# Simple Schema for Observability

## Background
Observability is the ability to measure a system’s current state based on the data it generates, such as logs, metrics, and traces. Observability relies on telemetry derived from instrumentation that comes from the endpoints and services.

Observability telemetry signals (logs, metrics, traces) arriving from the system would contain all the necessary information needed to observe and monitor.

Modern application can have a complicated distributed architecture that combines cloud native and microservices layers. Each layer produces telemetry signals that may have different structure and information.

Using Simple Schema's Observability telemetry schema we can organize, correlate and investigate system behavior in a standard and well-defined manner.

Observability telemetry schema defines the following components - **logs, traces and metrics**.

**Logs** provide comprehensive system details, such as a fault and the specific time when the fault occurred. By analyzing the logs, one can troubleshoot code and identify where and why the error occurred.

**Traces** represent the entire journey of a request or action as it moves through all the layers of a distributed system. Traces allow you to profile and observe systems, especially containerized applications, serverless architectures, or microservices architecture.

**Metrics** provide a numerical representation of data that can be used to determine a service or component’s overall behaviour over time.


In many occasions, correlation between the logs, traces and metrics is mandatory to be able to monitor and understand how the system is behaving. In addition, the distributed nature of the application produces multiple formats of telemetry signals arriving from different components ( network router, web server, database)
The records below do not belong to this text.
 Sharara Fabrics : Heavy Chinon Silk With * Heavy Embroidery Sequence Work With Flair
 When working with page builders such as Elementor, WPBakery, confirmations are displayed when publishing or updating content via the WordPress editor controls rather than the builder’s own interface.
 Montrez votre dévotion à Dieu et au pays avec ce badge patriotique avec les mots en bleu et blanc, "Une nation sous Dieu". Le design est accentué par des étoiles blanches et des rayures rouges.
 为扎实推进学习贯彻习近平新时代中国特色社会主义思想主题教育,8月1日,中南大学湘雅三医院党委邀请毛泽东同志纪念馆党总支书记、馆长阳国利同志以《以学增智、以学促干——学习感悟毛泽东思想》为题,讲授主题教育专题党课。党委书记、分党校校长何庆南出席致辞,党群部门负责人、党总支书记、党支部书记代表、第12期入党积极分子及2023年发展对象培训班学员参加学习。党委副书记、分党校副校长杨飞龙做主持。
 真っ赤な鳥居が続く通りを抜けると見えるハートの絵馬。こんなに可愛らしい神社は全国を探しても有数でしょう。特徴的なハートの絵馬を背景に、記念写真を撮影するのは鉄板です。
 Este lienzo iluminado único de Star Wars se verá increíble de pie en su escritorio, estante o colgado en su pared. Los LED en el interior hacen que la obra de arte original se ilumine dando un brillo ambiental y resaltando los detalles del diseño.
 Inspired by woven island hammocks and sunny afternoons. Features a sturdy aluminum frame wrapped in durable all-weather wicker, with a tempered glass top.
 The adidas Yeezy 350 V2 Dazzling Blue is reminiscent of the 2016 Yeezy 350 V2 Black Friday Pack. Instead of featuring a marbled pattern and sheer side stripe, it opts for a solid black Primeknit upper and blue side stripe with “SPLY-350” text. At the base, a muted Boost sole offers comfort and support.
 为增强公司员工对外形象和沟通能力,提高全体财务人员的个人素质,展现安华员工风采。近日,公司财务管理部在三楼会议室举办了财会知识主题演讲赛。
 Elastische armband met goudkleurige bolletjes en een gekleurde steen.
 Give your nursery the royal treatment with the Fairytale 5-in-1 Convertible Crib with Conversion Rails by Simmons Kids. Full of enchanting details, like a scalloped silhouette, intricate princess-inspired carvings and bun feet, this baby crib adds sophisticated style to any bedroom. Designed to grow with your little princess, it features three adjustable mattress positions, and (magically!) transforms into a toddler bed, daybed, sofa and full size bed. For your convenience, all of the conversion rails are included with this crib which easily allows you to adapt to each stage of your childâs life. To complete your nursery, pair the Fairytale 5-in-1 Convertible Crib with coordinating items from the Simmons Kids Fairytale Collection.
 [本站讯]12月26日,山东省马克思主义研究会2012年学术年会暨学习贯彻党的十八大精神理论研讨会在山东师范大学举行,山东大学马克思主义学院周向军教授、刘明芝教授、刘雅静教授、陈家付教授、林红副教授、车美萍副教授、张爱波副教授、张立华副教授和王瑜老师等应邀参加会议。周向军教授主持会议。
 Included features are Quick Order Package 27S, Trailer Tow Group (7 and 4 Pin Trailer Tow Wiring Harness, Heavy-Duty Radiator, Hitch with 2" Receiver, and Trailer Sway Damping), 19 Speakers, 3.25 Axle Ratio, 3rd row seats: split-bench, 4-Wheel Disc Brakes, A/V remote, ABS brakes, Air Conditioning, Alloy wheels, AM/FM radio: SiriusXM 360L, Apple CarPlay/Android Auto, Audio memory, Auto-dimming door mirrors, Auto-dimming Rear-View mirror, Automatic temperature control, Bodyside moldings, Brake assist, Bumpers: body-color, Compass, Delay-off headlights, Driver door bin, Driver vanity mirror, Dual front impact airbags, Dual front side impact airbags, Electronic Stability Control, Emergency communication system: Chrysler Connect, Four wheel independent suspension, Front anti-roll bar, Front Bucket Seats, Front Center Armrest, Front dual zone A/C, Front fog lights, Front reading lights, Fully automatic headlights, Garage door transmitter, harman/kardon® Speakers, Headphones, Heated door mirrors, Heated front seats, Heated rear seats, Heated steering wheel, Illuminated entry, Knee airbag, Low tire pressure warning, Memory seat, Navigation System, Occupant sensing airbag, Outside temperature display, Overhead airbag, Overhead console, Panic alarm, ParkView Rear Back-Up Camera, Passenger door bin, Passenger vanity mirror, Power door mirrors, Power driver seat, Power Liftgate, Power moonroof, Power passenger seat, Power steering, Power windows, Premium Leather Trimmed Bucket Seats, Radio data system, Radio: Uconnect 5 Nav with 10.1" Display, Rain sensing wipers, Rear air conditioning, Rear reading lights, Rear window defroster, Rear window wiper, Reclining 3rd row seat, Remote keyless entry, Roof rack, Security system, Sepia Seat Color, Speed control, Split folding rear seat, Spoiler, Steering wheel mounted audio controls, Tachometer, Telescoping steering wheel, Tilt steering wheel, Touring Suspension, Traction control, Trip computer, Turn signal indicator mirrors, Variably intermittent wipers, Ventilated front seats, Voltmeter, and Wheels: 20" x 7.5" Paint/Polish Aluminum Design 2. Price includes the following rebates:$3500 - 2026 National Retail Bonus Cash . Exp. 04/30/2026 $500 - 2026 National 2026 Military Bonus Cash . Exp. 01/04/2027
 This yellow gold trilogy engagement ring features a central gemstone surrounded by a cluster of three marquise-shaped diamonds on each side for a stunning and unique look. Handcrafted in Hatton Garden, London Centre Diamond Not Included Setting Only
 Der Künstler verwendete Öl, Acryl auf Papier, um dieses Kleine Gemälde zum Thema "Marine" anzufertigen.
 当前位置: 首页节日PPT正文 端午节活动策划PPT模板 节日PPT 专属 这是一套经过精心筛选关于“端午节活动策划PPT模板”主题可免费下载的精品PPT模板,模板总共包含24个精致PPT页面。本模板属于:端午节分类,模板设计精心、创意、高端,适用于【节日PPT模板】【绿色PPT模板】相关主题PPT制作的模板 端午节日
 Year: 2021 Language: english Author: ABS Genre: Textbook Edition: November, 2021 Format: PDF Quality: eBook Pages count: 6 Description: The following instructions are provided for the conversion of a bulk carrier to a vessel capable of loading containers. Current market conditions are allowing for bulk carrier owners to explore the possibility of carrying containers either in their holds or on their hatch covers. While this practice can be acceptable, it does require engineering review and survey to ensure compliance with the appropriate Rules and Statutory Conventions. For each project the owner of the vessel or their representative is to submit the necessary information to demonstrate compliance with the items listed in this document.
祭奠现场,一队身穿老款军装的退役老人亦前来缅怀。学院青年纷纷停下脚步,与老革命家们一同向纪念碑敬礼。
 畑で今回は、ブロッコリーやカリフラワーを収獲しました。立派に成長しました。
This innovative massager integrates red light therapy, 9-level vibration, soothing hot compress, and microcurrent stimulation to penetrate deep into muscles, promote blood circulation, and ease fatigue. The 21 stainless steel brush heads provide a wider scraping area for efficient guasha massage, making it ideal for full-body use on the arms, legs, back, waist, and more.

For such correlation to be possible the industry has formulated several protocols ([OTEL](https://github.com/open-telemetry), [ECS](https://github.com/elastic/ecs), [OpenMetrics](https://github.com/OpenObservability/OpenMetrics)) for communicating these signals - the Observability schemas.

## Data Correlation

In order to be able to correlate information across different signal (represented in different indices) we introduced the notion of correlation into the schema.
This information is represented explicitly in both the declarative schema file and the physical mapping file

This information will enable the knowledge to be projected and allow for analytic engine to produce a join query that will take advantage of these relationships.
The correlation metadata info is exported in the following way:

### Observability Correlation Example:

### Schema related
In JSON Schema, there is no built-in way to represent relationships directly between multiple schemas, like you would find in a relational database. However, you can establish relationships indirectly by using a combination of `$id`, `$ref`, and consistent property naming across your schemas.
For example the [`logs.schema`](../../../schema/observability/logs/logs.schema) file contains the next `$ref` references for the `traceId` & `spanId` fields that belong to the `traces.schema`.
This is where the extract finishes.